With the dramatic increase in online information in recent years, text retrieval is becoming increasingly important. It has always been a significant scientific challenge to develop principled retrieval approaches that also perform well empirically; so far, the theoretically well-motivated models have rarely led to good performance directly. It is also a great challenge in retrieval to develop models that may go beyond the traditional notion of topical relevance and capture more user factors, such as topical redundancy and sub-topic diversity.

This thesis presents a new text retrieval framework based on Bayesian decision theory. The framework unifies several existing retrieval models, including the language modeling approach proposed recently, within one general probabilistic framework, and facilitates the development of new principled approaches to text retrieval with the potential of going beyond the traditional notion of topical relevance. In this framework, queries and documents are modeled using statistical language models (i.e., probabilistic models of text), user preferences are modeled through loss functions, and retrieval is cast as a risk minimization problem.

While traditional retrieval models rely heavily on ad hoc parameter tuning to achieve satisfactory retrieval performance, the use of language models in the risk minimization framework makes it possible to exploit statistical estimation methods to improve retrieval performance and set retrieval parameters automatically. As a special case of the framework, we present a two-stage language model that, according to extensive evaluation, achieves excellent retrieval performance without any ad hoc parameter tuning.

Using language models in retrieval also makes it possible to improve retrieval performance through using improved language models and estimation methods. As another special case of the risk minimization framework, we derive a Kullback-Leibler divergence retrieval model that can exploit feedback documents to improve the estimation of query models. Feedback has so far been dealt with heuristically in the language modeling approach to retrieval. The KL-divergence model provides a more principled way of performing feedback by treating it as query model updating. We propose two specific query model updating algorithms based on feedback documents. Evaluation indicates that both algorithms are effective for feedback, and outperform the baseline methods significantly.

The risk minimization retrieval framework further allows for incorporating user factors beyond the traditional notion of topical relevance. We present language models that can capture redundancy and sub-topics in documents, and study loss functions that can rank documents in terms of both relevance and sub-topic diversity.

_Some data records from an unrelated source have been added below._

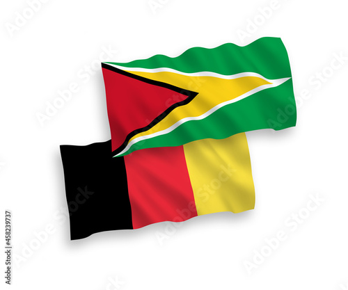 Obraz premium National vector fabric wave flags of Co-operative Republic of Guyana and Belgium isolated on white background. 1 to 2 proportion.
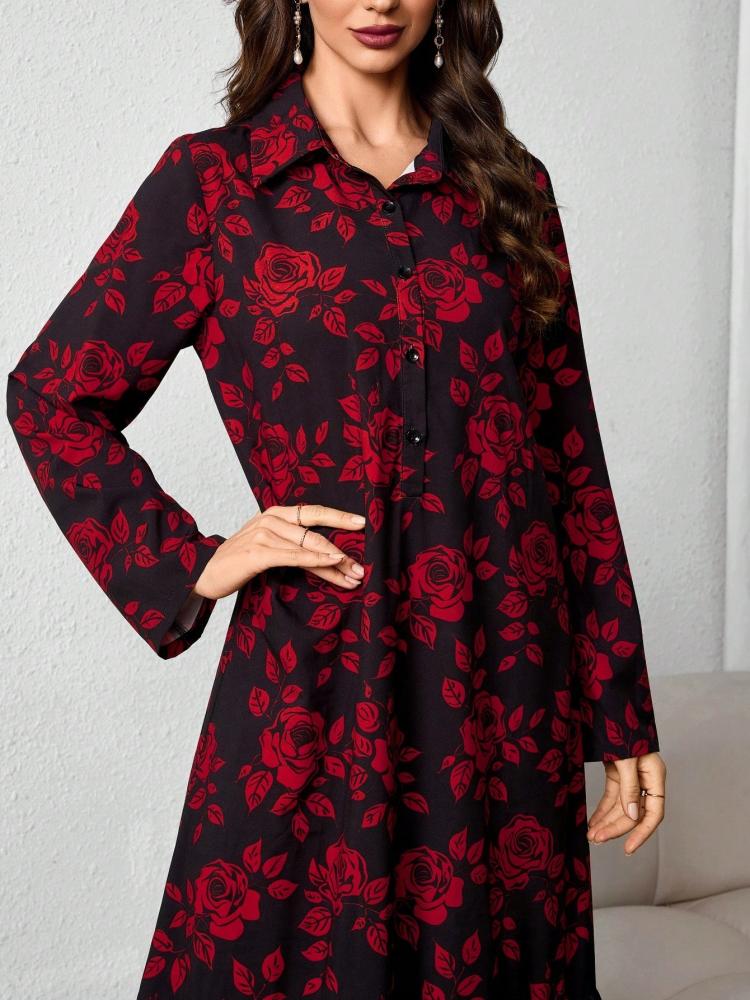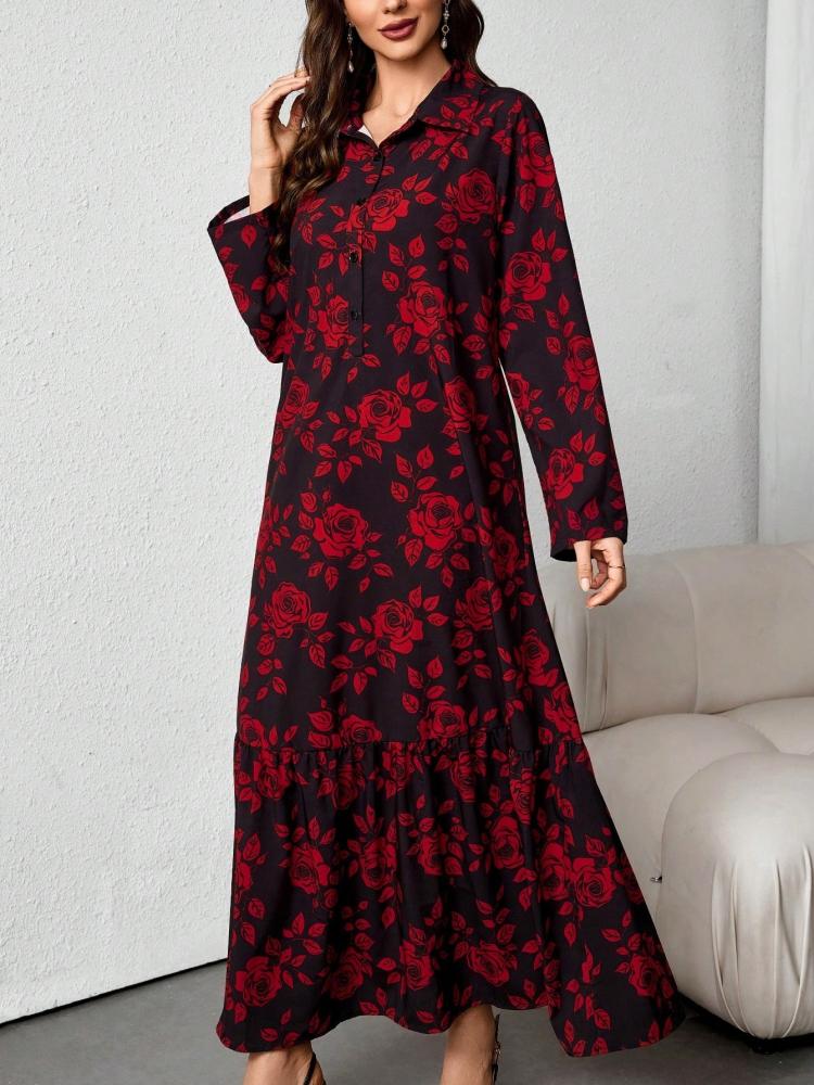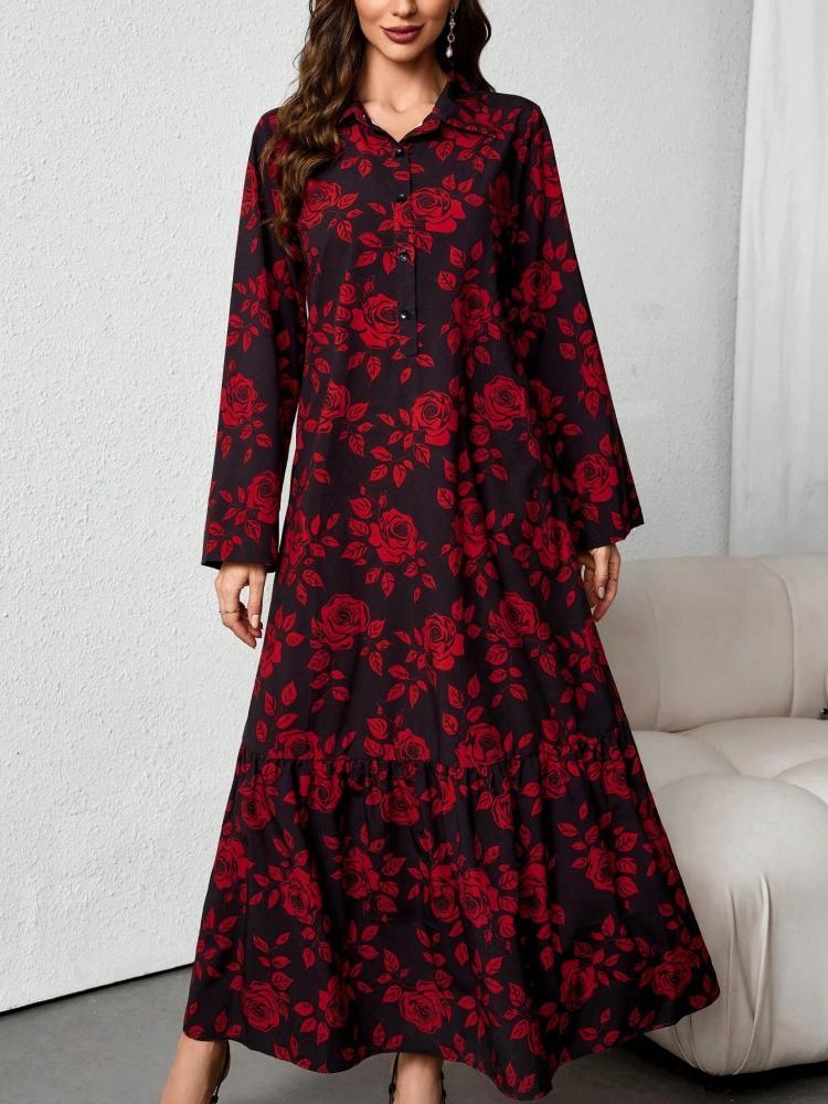 الفستان الأنيق يتميز بطبعة ورود حمراء جذابة على خلفية داكنة، مما يضفي عليه مظهرًا أنثويًا وجذابًا. تصميمه الطويل مع ياقة قميص وأكمام طويلة يجعله مناسبًا لمختلف المناسبات.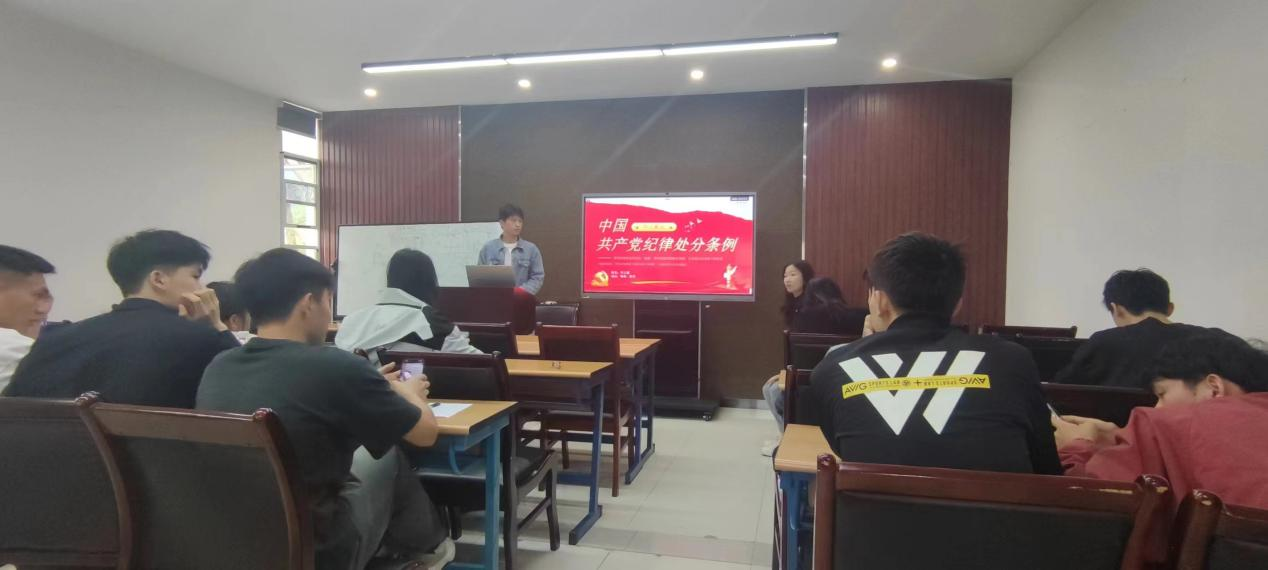 根据学院党纪学习教育工作总体安排,4月25日在210会议室,本科生党支部开展了《中国共产党纪律处分条例》专题学习组织生活会。本次学习会由本支部第一党小组负责领学,党支部全体同志参加。

Evaluation shows that the proposed language models can effectively capture redundancy and can outperform the relevance-based ranking method for the aspect retrieval task.

The risk minimization framework opens up many new possibilities for developing principled approaches to text retrieval, and makes it possible to explore different retrieval models more systematically, through considering different loss functions and using different language models in the framework.